To ensure efficient forwarding between access and egress gateways, we create multiple tunnels between each pair of gateways using different tunneling technologies. Some are standard tunneling protocols (e.g. GRE). Others disguise the tunnel as another protocol (e.g. HTTPS) to bypass protocol filters and improve QoS priority in ISP network. If one tunneling technology is blocked, the system automatically switches to another. To reduce TCP handshake latency, we terminate TCP connections at both access and egress gateways, so that each TCP connection is broken into three relayed TCP connections. For the tunnel connection between access and egress gateways, we deploy multiple WAN optimization techniques, including loss-agnostic congestion control, FEC (forward error correction) on lossy links and compression.
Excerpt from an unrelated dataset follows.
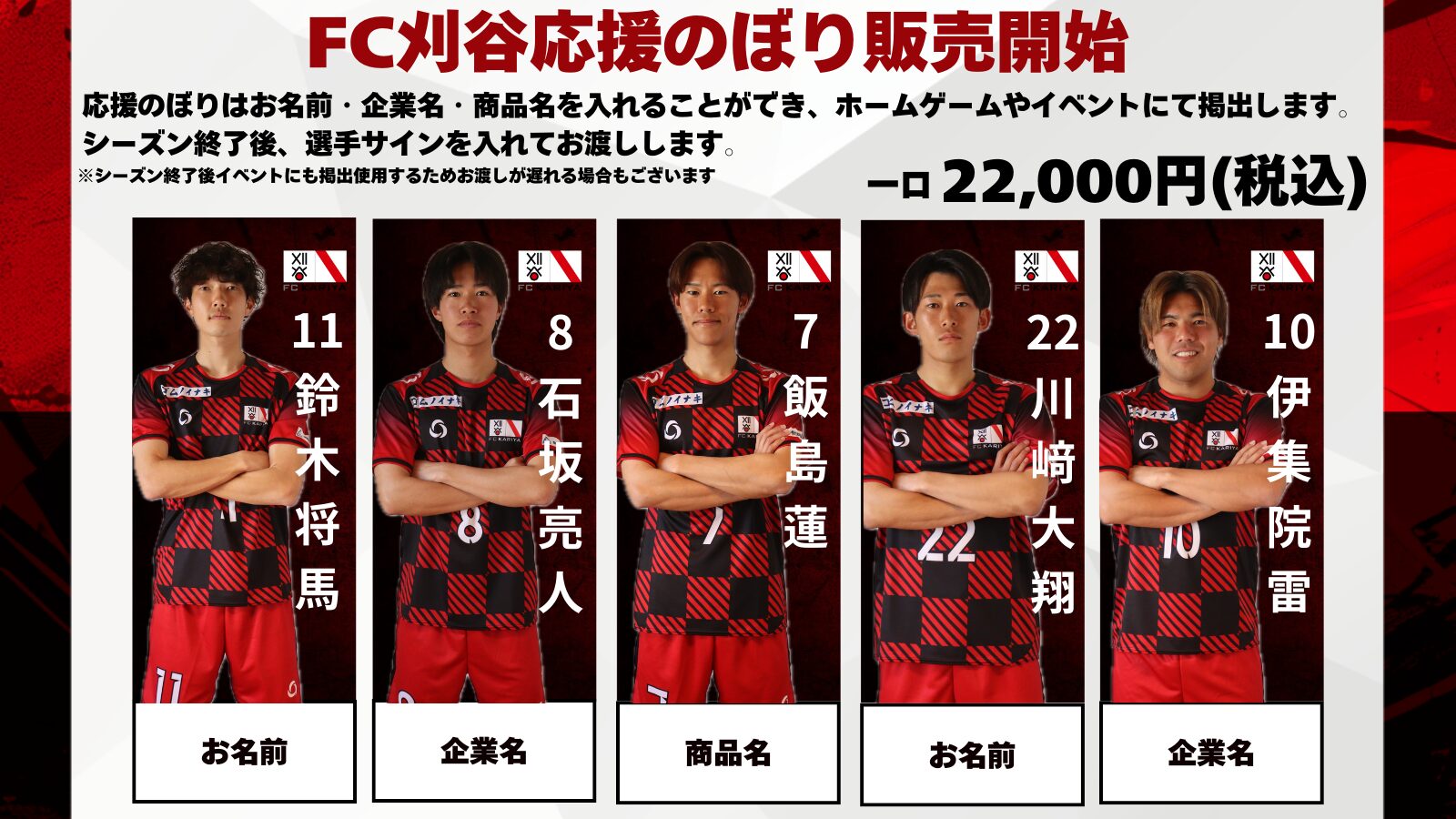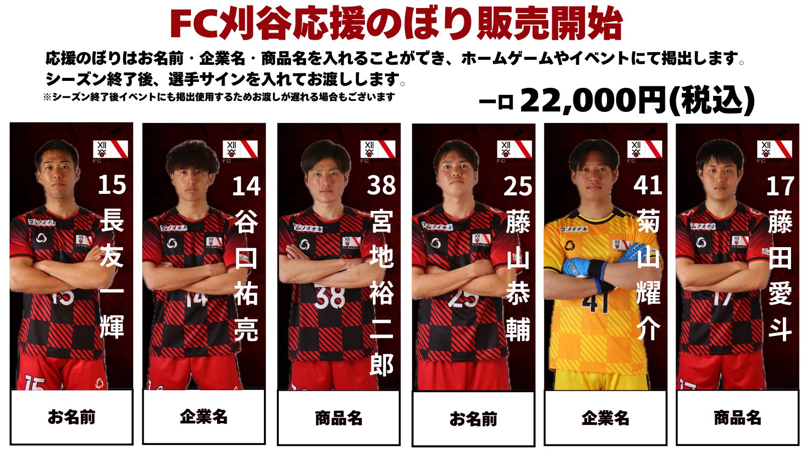 FC刈谷オンラインストアにて【FC刈谷応援のぼり】選択し、希望選手・監督と記載するお名前または社名または商品名を備考欄にご記入ください。

The user can access the VPN by connecting to any of the public gateway servers via multiple protocols, including IPSec, OpenVPN, PPTP, L2TP, ShadowSocks, Socks5, IP over DNS and HTTP(S) proxy. In order to enable the user to access a nearby gateway server, the user specifies a domain name, and our authoritative DNS server resolves it to the IP address of a closest gateway server based on the GeoIP location of the user’s IP. Using DNS also adds another layer of indirection for the system to automatically remove access gateways that fail or overload.
To authenticate users, we deploy a LDAP system that integrates with the access gateways and develop a Web-based application system. To recover from failures automatically, the servers monitor each other via periodic tunnel ping probing and exchange results. If more than half of peer servers find a server fails, the peer servers issue a remote reboot command via management API (for cloud servers) or IPMI (for bare-metal servers). To enable users to only route a range of destination hosts via VPN, we offer multiple configuration options in the software.
LUG VPN offers good reachability and performance in multiple usage scenarios. First, users with limited Internet access can access all sites. Second, users outside the campus can access the campus Intranet. Third, users outside the campus can access scholarly articles that is only available for campus IP addresses. Fourth, with WAN optimization, users experience much better throughput and latency, especially for international traffic. Additionally, users use LUG VPN to interconnect devices behind NAT and firewall.